> [What you have to do]: Only one stretch of the data below should be repeated: the lines from the line containing "MCD-21 Holy Family" through the line containing "男士冬季羊羔绒加厚休闲运动长裤子男士加绒保暖卫裤宽...", inclusive, exactly as they are.

> [Data shown]:
>>>>
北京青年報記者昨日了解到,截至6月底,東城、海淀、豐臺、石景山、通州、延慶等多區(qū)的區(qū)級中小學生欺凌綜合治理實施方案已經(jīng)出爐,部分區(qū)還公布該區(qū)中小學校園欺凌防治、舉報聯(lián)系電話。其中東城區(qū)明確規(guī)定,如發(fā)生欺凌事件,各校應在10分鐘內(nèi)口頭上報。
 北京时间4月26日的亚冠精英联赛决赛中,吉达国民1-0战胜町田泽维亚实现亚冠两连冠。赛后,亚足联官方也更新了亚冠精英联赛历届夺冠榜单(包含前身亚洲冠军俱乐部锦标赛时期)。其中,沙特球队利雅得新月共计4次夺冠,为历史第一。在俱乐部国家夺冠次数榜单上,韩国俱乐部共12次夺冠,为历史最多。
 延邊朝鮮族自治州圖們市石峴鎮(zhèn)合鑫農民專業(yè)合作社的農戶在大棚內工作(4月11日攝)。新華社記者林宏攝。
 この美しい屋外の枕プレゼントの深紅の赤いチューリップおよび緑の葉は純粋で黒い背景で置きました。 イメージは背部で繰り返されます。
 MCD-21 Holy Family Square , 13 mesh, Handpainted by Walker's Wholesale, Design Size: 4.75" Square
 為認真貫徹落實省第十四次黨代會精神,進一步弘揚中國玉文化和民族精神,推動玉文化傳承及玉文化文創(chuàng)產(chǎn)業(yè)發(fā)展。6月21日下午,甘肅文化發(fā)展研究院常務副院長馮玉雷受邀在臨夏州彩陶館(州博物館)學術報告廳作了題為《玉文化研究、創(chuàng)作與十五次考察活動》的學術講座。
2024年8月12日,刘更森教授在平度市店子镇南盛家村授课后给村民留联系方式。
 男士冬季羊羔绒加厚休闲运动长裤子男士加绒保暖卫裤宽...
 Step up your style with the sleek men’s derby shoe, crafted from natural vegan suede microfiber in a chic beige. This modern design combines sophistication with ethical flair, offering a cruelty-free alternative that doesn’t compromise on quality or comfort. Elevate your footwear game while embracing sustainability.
<<<<
>>>>
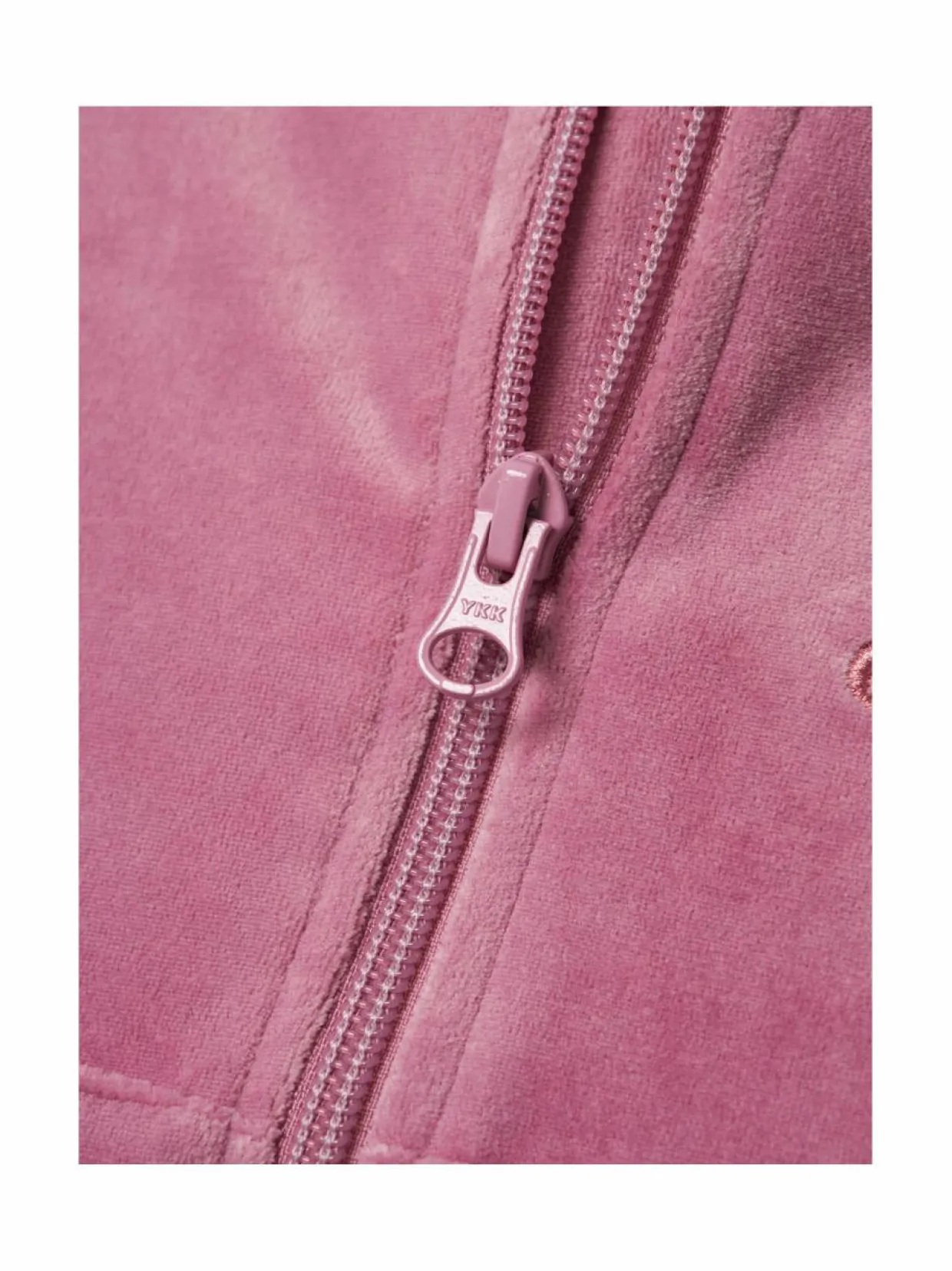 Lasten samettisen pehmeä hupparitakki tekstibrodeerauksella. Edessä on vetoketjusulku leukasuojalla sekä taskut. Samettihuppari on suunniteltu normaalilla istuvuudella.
<<<<
> [Output below]:
 MCD-21 Holy Family Square , 13 mesh, Handpainted by Walker's Wholesale, Design Size: 4.75" Square
 為認真貫徹落實省第十四次黨代會精神,進一步弘揚中國玉文化和民族精神,推動玉文化傳承及玉文化文創(chuàng)產(chǎn)業(yè)發(fā)展。6月21日下午,甘肅文化發(fā)展研究院常務副院長馮玉雷受邀在臨夏州彩陶館(州博物館)學術報告廳作了題為《玉文化研究、創(chuàng)作與十五次考察活動》的學術講座。
2024年8月12日,刘更森教授在平度市店子镇南盛家村授课后给村民留联系方式。
 男士冬季羊羔绒加厚休闲运动长裤子男士加绒保暖卫裤宽...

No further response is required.